Title: Single nucleotide variant (SNV) prediction for identifying somatic mutations in next generation sequencing (NGS) data
Speaker: Jiarui Ding
Department of Computer Science, UBC / BC Cancer Agency
Abstract

Single nucleotide variant (SNV) prediction for identifying somatic mutations in next generation sequencing (NGS) data is critical to defining mutational landscapes in cancer and ultimately furthering our understanding of tumour biology. There are a host of SNV prediction tools for NGS data available such as Samtools and GATK, but few are tailored specifically to the characteristics of cancer genomes such as tumour-normal admixture and segmental aneuploidy which can dramatically alter allele frequencies present in the data. Moreover, after SNV prediction, most approaches need sophisticated heuristic filters to filter the false predictions. These heuristics are based largely on the combination of intuition and ad-hoc rules, and not on empirical data using experimentally revalidated mutations. We propose that principled methods, based on sufficient ground truth data are needed to train robust classifiers to distinguish true from false positives and to simultaneously learn what characteristics in the input data are leading to false positive predictions. These classifiers might then inform development of the next generation of alignment algorithms.

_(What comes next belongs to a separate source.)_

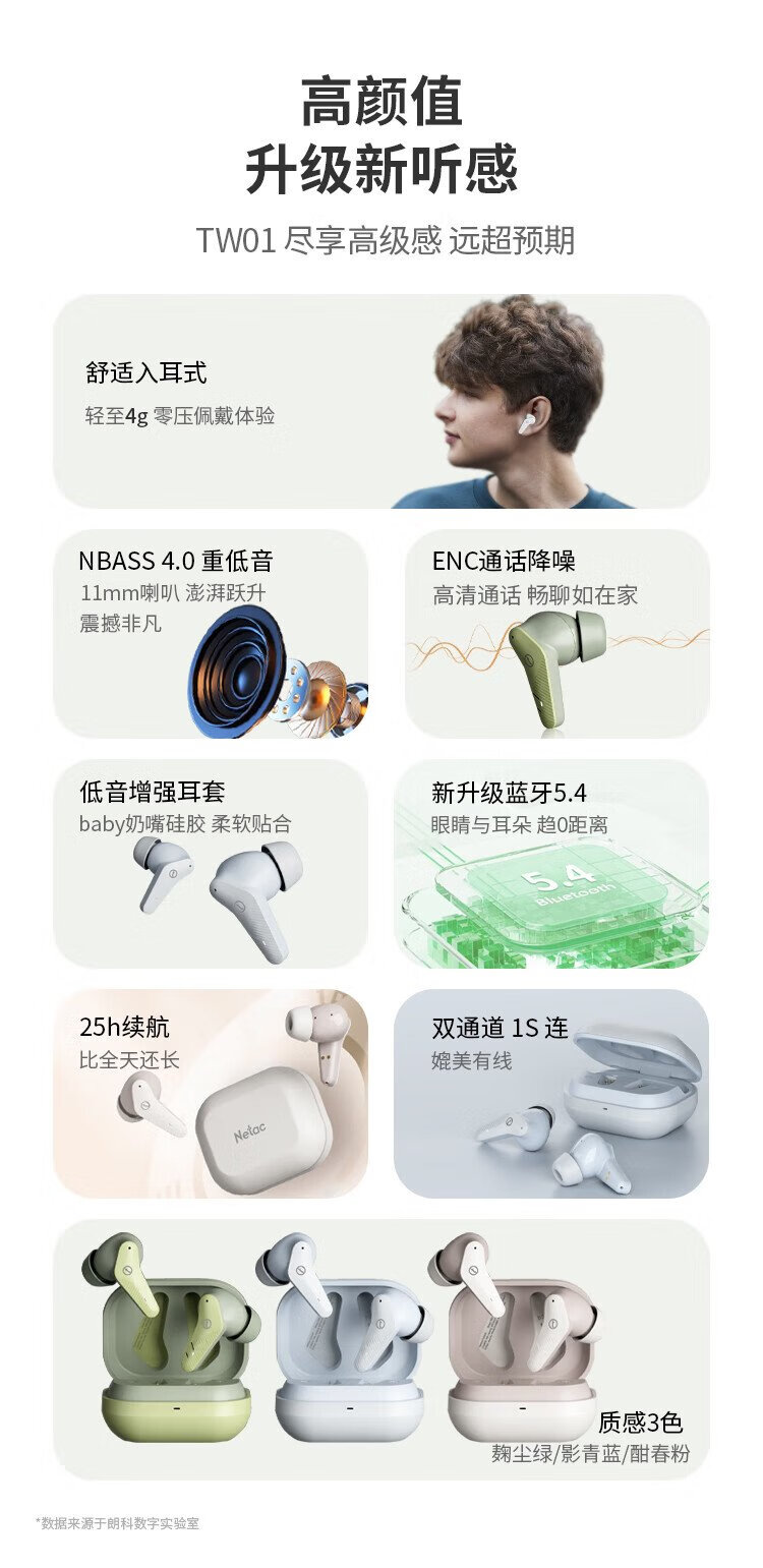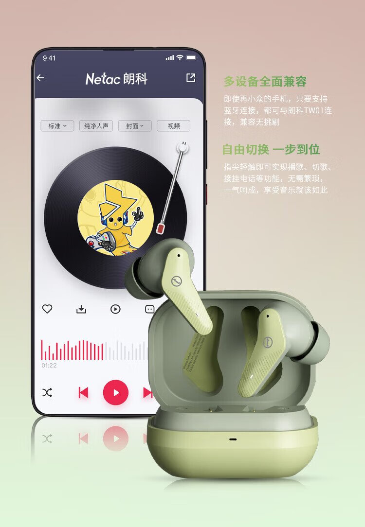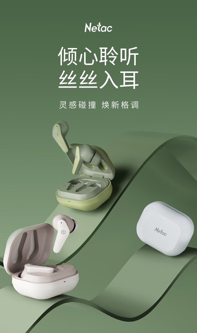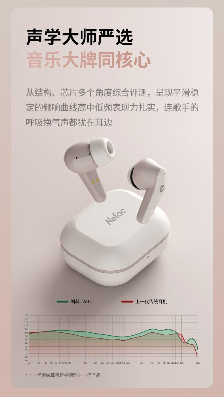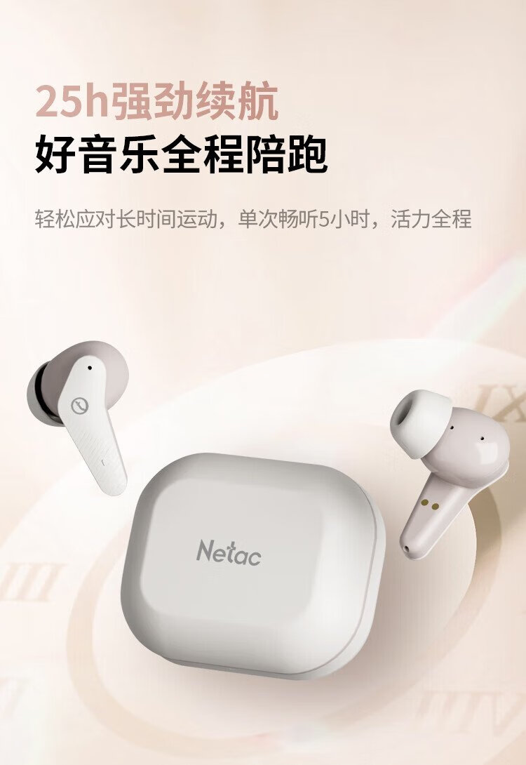 Netac true wireless stereo Bluetooth headset, wireless sports gaming headset, call noise reduction, suitable for Apple, Huawei and Xiaomi mobile phones TW01 pink

We present supervised machine learning algorithms used for somatic point mutation prediction in tumour/normal NGS experiments. Specifically, we construct 80 features to represent a candidate somatic mutation, and logistic regression models on a validated dataset consisting of 990 true somatic mutations and 2433 non-somatic mutation positions. In addition, we use feature selection methods to rank the importance of features for somatic mutation prediction. The classifiers' prediction results using ROC comparisons are more accurate than Samtools and GATK alone. We find 24 features achieve the best compromise between feature number and prediction accuracy.

We show supervised machine learning algorithms can accurately predict somatic point mutations, and provide alternative choices to heuristic filters. Since machine learning algorithms can automatically find patterns in the training data, and use the uncovered patterns to predict new candidate somatic point mutations, the classifiers can be considered as adaptive optimal filters for mutation prediction.